October 1, 2017 Medicaid Third Party Liability roars back to life.
The U.S. Supreme Court on May 1, 2006 decided Arkansas Dep’t of Health & Human Services v. Ahlborn. That case has enabled Medicaid recipients to avoid repayment of substantial portions of Medicaid liens from Third Party recoveries for the past 10 years. In catastrophic cases where there was limited coverage or limited liability Plaintiff attorneys have often argued that the recovery was only 10-20% of the amount the case was worth, courts in the Medicaid arena have been forced to determine the value of the Medicaid claims as compared with the value of all claims in the case. This Case was legislatively trumped on December 26, 2013, by the Bipartisan Budget Act of 2013. Section 202 entitled “Strengthening Medicaid Third-Party Liability. The effective date of this law however was extended in 2014 by HR 4303 The ‘‘Protecting Access to Medicare Act of 2014’’ which extended the effective date of Section 202 of the Bipartisan Budget act from October 1, 2014 to October 1, 2016. Medicaid effective October 1, 2017 will be statutorily ( depending upon your state Medicaid Statute) entitled to recover from any recovery, not just the portion of the settlement that may be arguably related to medicals.
In it’s slip opinion released May 1, 2006, the U.S. Supreme Court reasoned: There is no question that the State can require an assignment of the right, or chose in action, to receive payments for medical care. So much is expressly provided for by §§1396a(a)(25) and 1396k(a). And we assume, as do the parties, that the State can also demand as a condition of Medicaid eligibility that the recipient “assign” in advance any payments that may constitute reimbursement for medical costs. To the extent that the forced assignment is expressly authorized by the terms of §§ 1396a(a)(25) and 1396k(a), it is an exception to the anti-lien provision. See Washington State Dept. of Social and Health Servs. v. Guardianship Estate of Keffeler, 537 U.S. 371, 383–385, and n. 7 (2003). But that does not mean that the State can force an assignment of, or place a lien on, any other portion of Ahlborn’s property. As explained above, the exception carved out by §§ 1396a(a)(25) and 1396k(a) is limited to payments for medical care. Beyond that, the anti-lien provision applies.”

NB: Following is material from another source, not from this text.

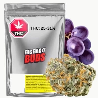 Big Bag o' Buds presents Purple Cherry Punch! This Indica-dominant cultivar is a cross of Sour OG Cheese and Black Cherry Punch, and packs a perfumy and pungent punch with sweet, grape, and berry aromas. Light green buds flecked with orange pistils house dominant terps like beta-caryophyllene, limonene, and humulene. With a THC potency of 25-31%, it’s a value-packed choice for those who appreciate quality.
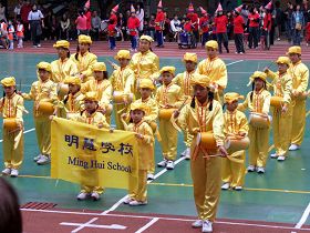 “Un esprit et un corps sains ont beaucoup participé à améliorer leur performance dans plusieurs aspects à l’école. A l’école, ces enfants doivent traiter les autres et tous les sujets avec Vérité, Compassion et Tolérance. La troupe de Tambourins de ceinture fait partie du programme d’art et de talent de l’école Minghui. La musique qu’ils jouent est tirée de la culture traditionnelle chinoise " a ajouté le présentateur.

The Bipartisan Budget Act of 2013. Section 202 stated that:
SEC. 202. STRENGTHENING MEDICAID THIRD-PARTY LIABILITY. (a) PAYMENT FOR PRENATAL AND PREVENTIVE PEDIATRIC CARE AND IN CASES INVOLVING MEDICAL SUPPORT.—Section 1902(a)(25) of the Social Security Act (42 U.S.C. 1396a(a)(25)) is amended—(b) RECOVERY OF MEDICAID EXPENDITURES FROM BENEFICIARY LIABILITY SETTLEMENTS.— (1) STATE PLAN REQUIREMENTS.—Section 1902(a)(25) of the Social Security Act (42 U.S.C. 1396a(a)(25)) is amended— (A) in subparagraph (B), by striking ‘‘to the extent of such legal liability’’; and (B) in subparagraph (H), by striking ‘‘payment by any other party for such health care items or services’’ and inserting ‘‘any payments by such third party’’. (2) ASSIGNMENT OF RIGHTS OF PAYMENT.—Section 1912(a)(1)(A) of such Act (42 U.S.C. 1396k(a)(1)(A)) is amended by striking ‘‘payment for medical care from any third party’’ and inserting ‘‘any payment from a third party that has a legal liability to pay for care and services available under the plan’’. (3) LIENS.—Section 1917(a)(1)(A) of such Act (42 U.S.C. 1396p(a)(1)(A)) is amended to read as follows: ‘‘(A) pursuant to— ‘‘(i) the judgment of a court on account of benefits incorrectly paid on behalf of such individual, or ‘‘(ii) rights acquired by or assigned to the State in accordance with section 1902(a)(25)(H) or section 1912(a)(1)(A), or’’. (c) EFFECTIVE DATE.—The amendments made by this section shall take effect on October 1, 2014.
The effective date however has been delayed again until October 1, 2017 by the MEDICARE ACCESS AND CHIP REAUTHORIZATION ACT OF 2015, 114 P.L. 10 , enacted April 16, 2015 which provided:
Section 202(c) of the Bipartisan Budget Act of 2013 (division A of Public Law 113-67; 42 U.S.C. 1396a note), as amended by section 211 of the Protecting Access to Medicare Act of 2014 (Public Law 113-93; 128 Stat. 1047) is amended by striking “October 1, 2016” and inserting “October 1, 2017”.
Medicaid effective October 1, 2017 will have a right to recover from ANY settlement, NOT just those allocated for medical expenses.